Exclusive-Airbnb faces light regulation under EU plan – sources

By Foo Yun Chee

BRUSSELS (Reuters) – The European Commission will propose light rules for Airbnb and other short-term accommodation rental companies, people familiar with the matter said.

Under the draft rules, short-term accommodation rental companies will have to provide national authorities with data on the number of users of their services and the number of nights spent, they said.

The data will be stored at a single digital entry point accessible to all public authorities, one of the people said.

The proposal, which the EU executive will announce next week, marks an effort to tackle the patchwork of different national laws in the area of ​​27 countries regulating Airbnb and its peers.
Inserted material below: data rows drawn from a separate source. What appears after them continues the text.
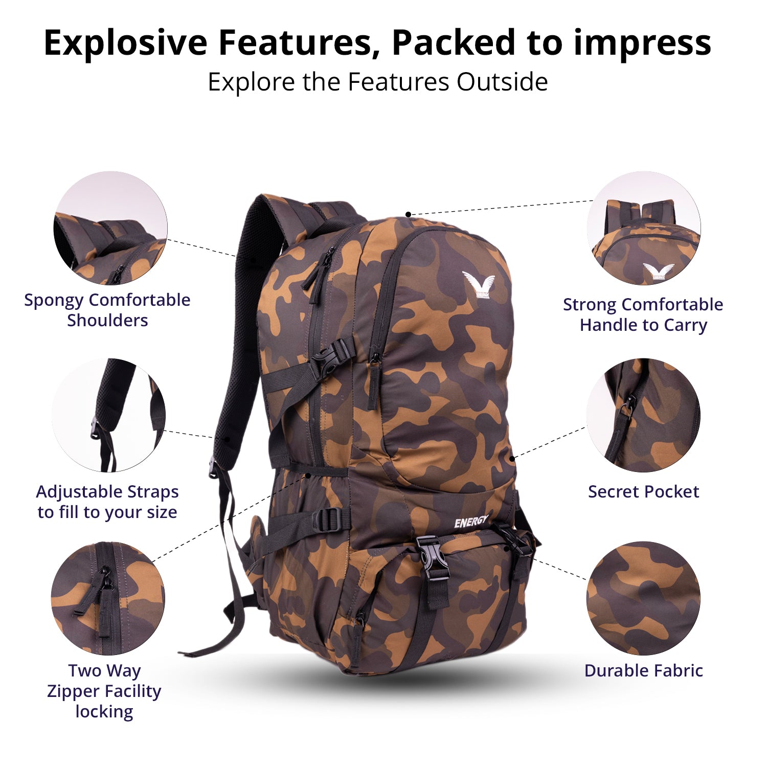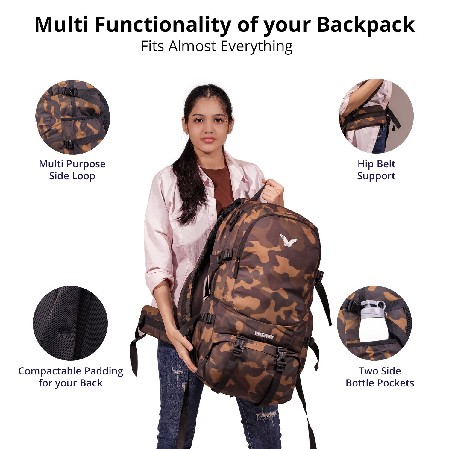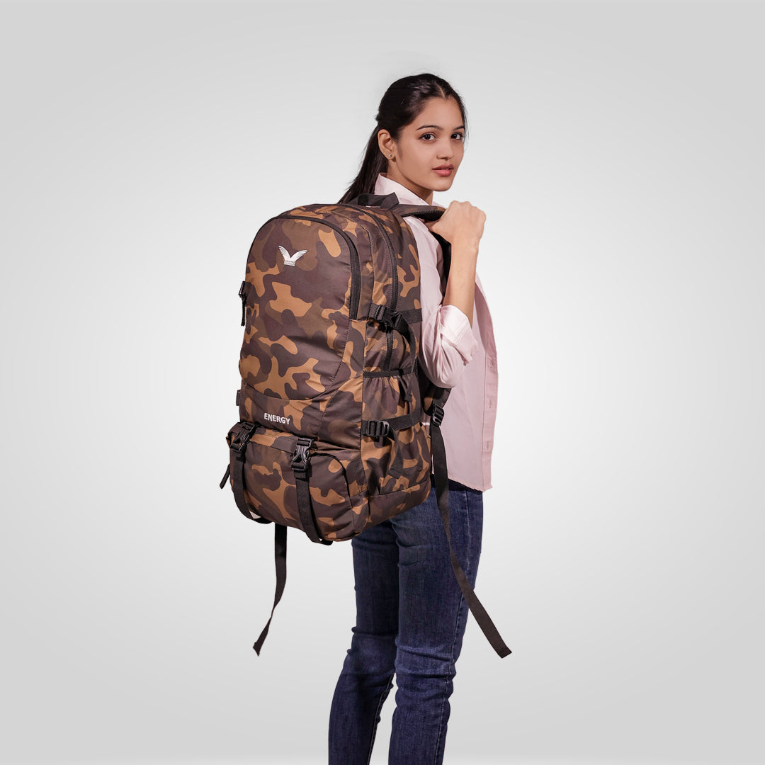 The Trail Blazer Backpack is built for those who love the outdoors, travel, and everyday adventure. Its rugged camouflage design pairs durability with style, making it the ideal choice for students, trekkers, and commuters alike.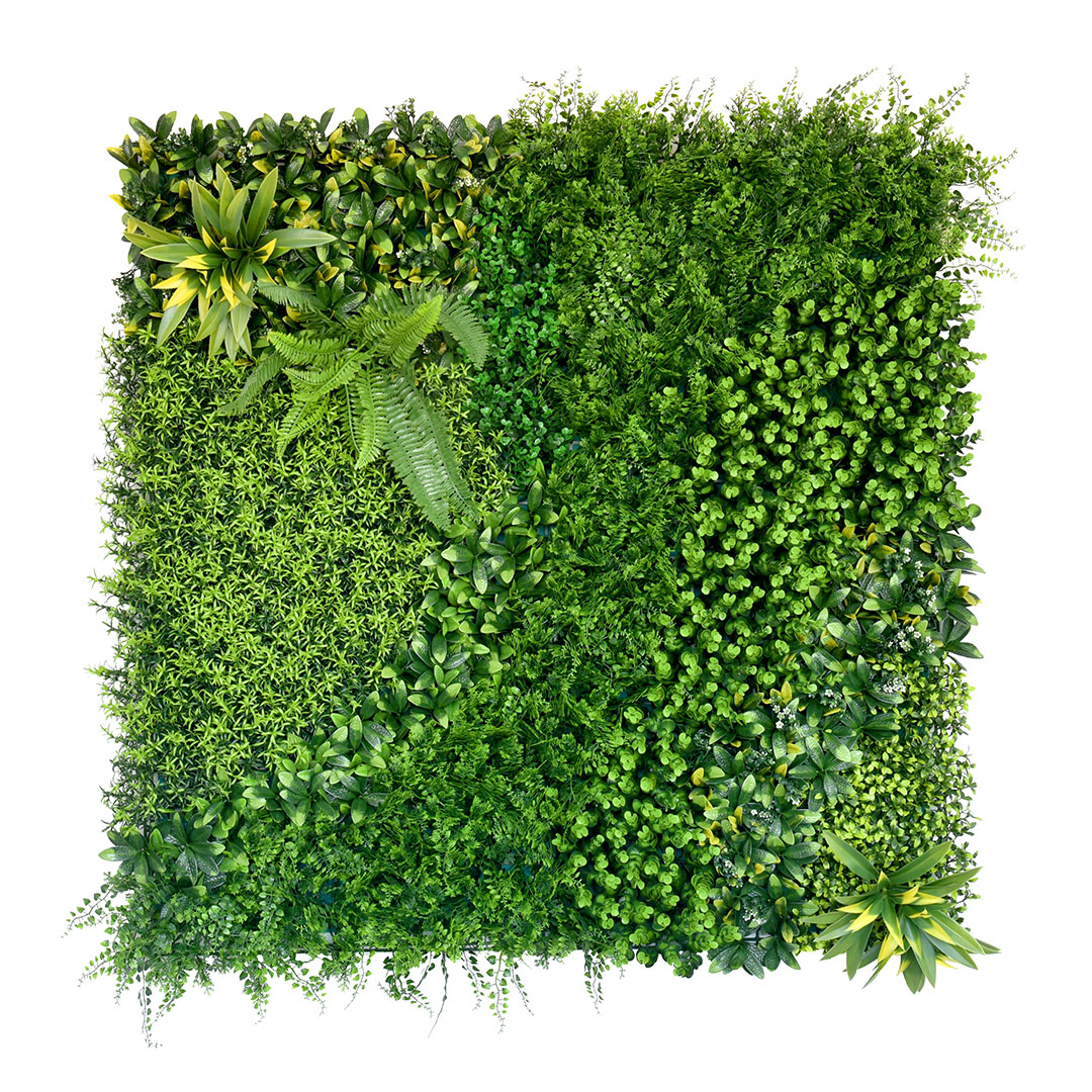 Beauty Secret plant wall offers compact modular greenery suitable for feature panels, smaller installations and creative wall layouts. The L500 x W500mm format allows flexible configuration across commercial interiors and decorative zones.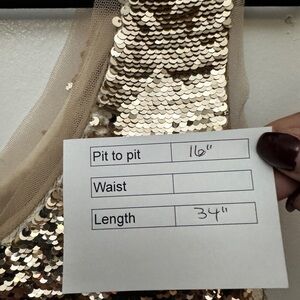 The stunning reversible sequins on this dress go from a gold sequin to a classy champagne sequin at the brush of a hand.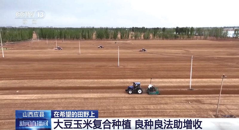 在朔州市应县大豆玉米带状复合种植全面铺开,种植过程中,合作社根据土壤和墒情,结合往年的种植经验,选取了适宜的玉米和大豆品种,同时还调整了种植技术。某种植专业合作社负责人段仁新向记者介绍说:“今年我们合作社种植的玉米套大豆,采取的办法是宽窄行种植,行距采用的是40厘米、70厘米的种植模式,玉米行距这边是40厘米,这是滴灌带的,这个宽窄行是70厘米。选种的时候采用的是127天的玉米种子,还有90天的大豆种子。尽量把种子它的生长习性和成熟时间融合到一块。”在改善种植方式的同时,合作社还因地制宜、精准施策,尝试运用新技术和新机械进行试种,通过良种、良法、良机的高效运用,实现农业增效。记者从应县农业农村局了解到,今年全县农作物种植面积116万亩,其中粮食作物面积85万亩,目前已播种玉米65万亩,全部种植工作预计在五月底结束。 据央视新闻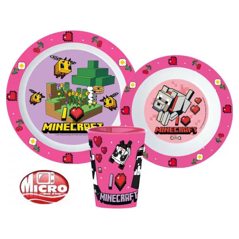 Minecraft étkészlet, micro műanyag szett -BPA Mentes -Származási ország: Spanyolország -A termék környezetbarát, újrahasznosítható anyagból készült a Föld védelmében. Csomagolás nélkül! A készlet tartalma: 1 db mélytálka (Mikrózható műanyag) 1 db lapos

“We want Airbnb to be part of the solution to the challenges facing cities, which is why we have always championed the EU’s work to update its rules for tech platforms,” ​​a spokesperson said. word of society.

“Airbnb has put forward proposals for clearer, simpler and harmonized European rules that would unlock the benefits of accommodation for everyday Europeans and give governments the tools they need to fight speculators and overtourism. “

The draft EU rules would be similar to Airbnb’s data-sharing agreement struck with EU statistics office Eurostat two years ago, which allows public authorities to access published data quarterly on the number of people using its platform and the number of nights booked.

Authorities in Amsterdam, New York, Paris and other cities popular with tourists have accused Airbnb of worsening housing shortages in their cities, driving out low-income residents.

Small towns and those in the countryside, however, have been more welcoming, hoping to attract more tourists. The proposed EU legislation aims to balance the interests of both parties.

Airbnb has tried in recent years to address these concerns by capping the number of days per year that homes can be rented out in central Paris, London and Amsterdam.

The proposed legislation will need to be debated with EU member states and the European Parliament next year before it can become law.